Robert Bork redux

The conservative icon, who is suing the Yale Club, feels the love from his fellow travelers.

Published June 26, 2007 9:49PM (EDT)

It has been 20 years since his contentious Supreme Court confirmation hearings, but Robert H. Bork, it seems, is back.

Somehow, the 80-year-old conservative judge, author and intellectual has managed to land in the spotlight several times this month. On June 7, the tort reform crusader who has derided the "lottery-like windfalls" in civil lawsuits, filed a $1 million lawsuit of his own against the Yale Club of New York City after he slipped and fell while stepping up to a club lectern to deliver a speech. Then, on June 11, the Washington Post revealed that Judge Reggie Walton had added a footnote to his order sentencing Scooter Libby to 30 months in prison ridiculing the 12 "prominent and distinguished" professors, including Bork and Alan Dershowitz, who submitted a last-minute brief asking the court to spare Scooter the pokey.

And today, from 9 a.m. to 7 p.m. EDT, Bork was feted by the Federalist Society. The event, attended by about 200 people at $100 a head, included speakers such as Reagan Attorney General Edwin Meese and University of California at Berkeley professor John Yoo.

The mood was jovial. In fact, when Cornell professor Jeremy Rabkin encountered Yoo before their panel on Bork's most recent book, "Coercing Virtue," Rabkin extended his hand and exclaimed, "Dr. Torture!" in a lighthearted, if pointed, allusion to Monday's Washington Post article describing Yoo's role in crafting the Bush administration's detainee interrogation policy.

Bork's current affairs were officially ignored by most speakers, but attendees -- a dark suit and pantyhose bunch -- couldn't help whispering about the latest adventures of the man whose name has become, as Meese put it, "a noun, a verb and an adjective." Federalist Society president Eugene Meyer joked that he'd had a passing worry the guest of honor might be wary of speaking in ballrooms for fear of his past injury rate. When George Priest, who took over Bork's antitrust class at Yale Law School, admitted that Bork routinely said horrible things about Yale, and "has now added the Yale Club" to his list, he got a muted chuckle from a clearly uncomfortable crowd. How do you respond, exactly, when your hero has seemingly committed public hypocrisy by embracing the civil lawsuits he once opposed? One choice would be to fall back on nostalgia, which in Bork's case entails looking back fondly on his thwarted nomination to the Supreme Court.

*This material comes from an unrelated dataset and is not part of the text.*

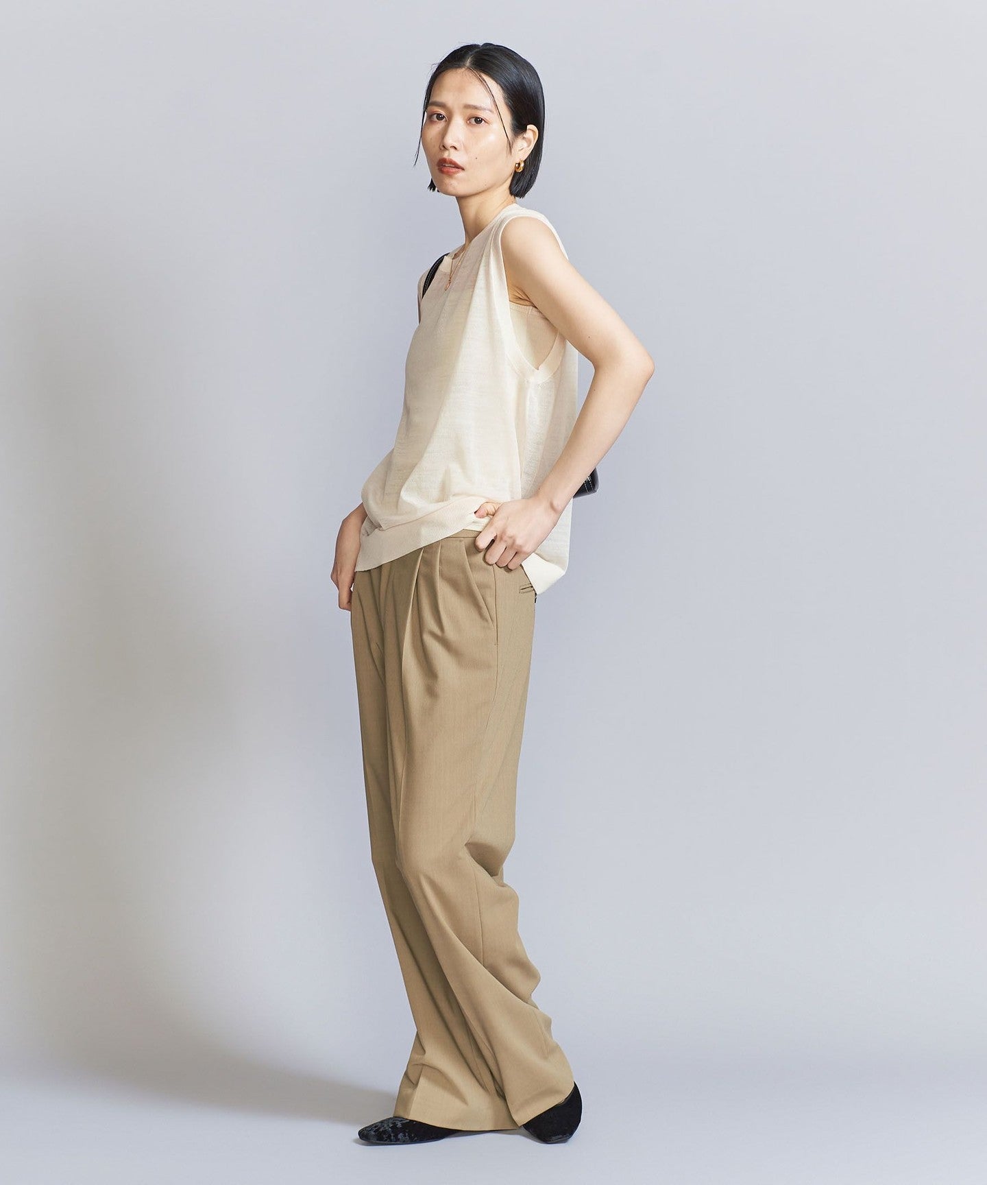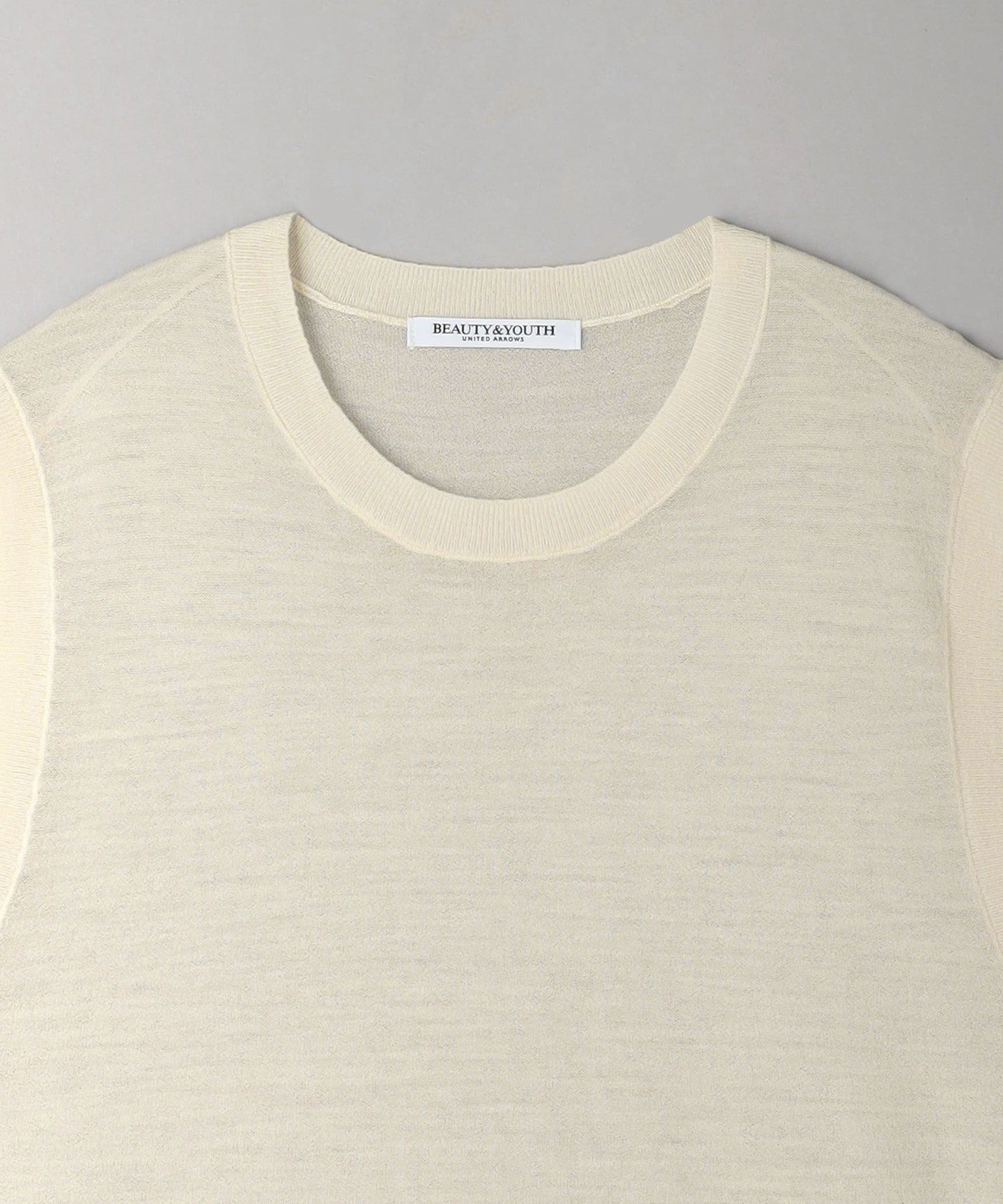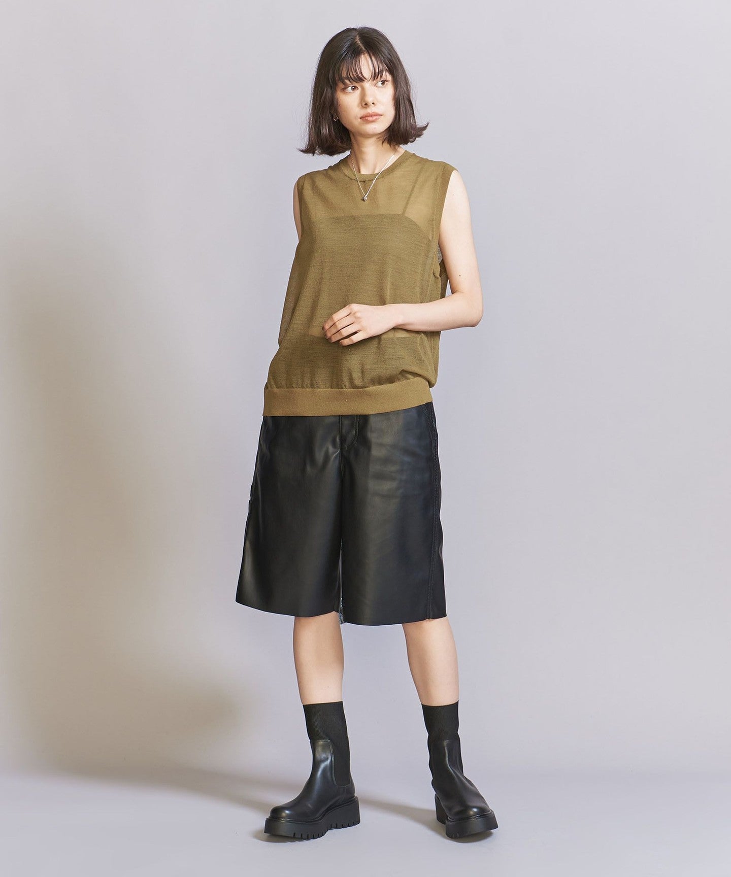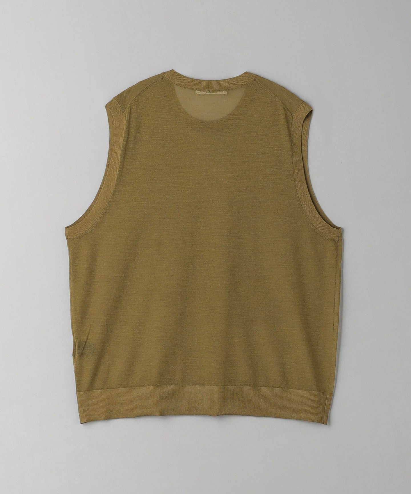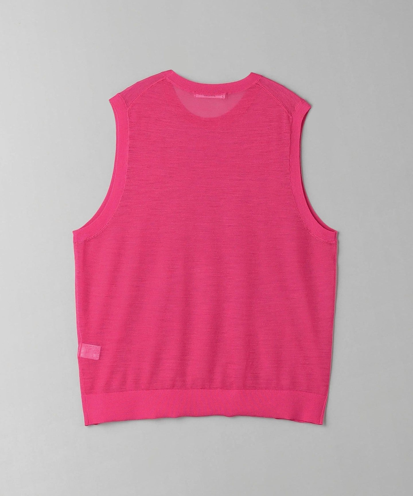 A sheer knit sleeveless top made from a high-gauge wool blend material.

"Bork was savaged because he was honest," said Jonathan Turley of George Washington Law School. "His hearings were refreshingly truthful, direct and substantive," the opposite, as he sees it, of the "contentless" confirmation of John Roberts, who Turley described as looking as though he were "raised hydroponically in the basement of the White House."

Priest, who called it "a badge of honor" to testify on behalf of Bork back in 1987, said he thought that the failure of Bork's nomination was not about Bork's views or qualifications but, rather, "a function of the weakness of the president." (Ronald Reagan was embroiled in Iran-Contra around the time of Bork's hearings.)

"It's quite similar to what we see today in the example of John Bolton, Paul Wolfowitz and perhaps soon Alberto Gonzales," said Priest. "The president is weak because of the failure of the Iraq war," and his nominees bear the burden of the weakness that unpopularity exposes.

When Bork finally did speak -- in a James Lipton-style heart-to-heart after lunch -- he was straightforward and sarcastic, recalling his wild youth (he was a socialist at 15) and his social life (his wife used to be a nun), and musing about a possible book on martinis (apparently he has an issue with the olives). And though there was no audible sigh of relief, it's safe to say that the adoring audience was glad to see that, with the help of several family members and his cane, he managed to avoid injury as he gingerly ascended and then descended the dais.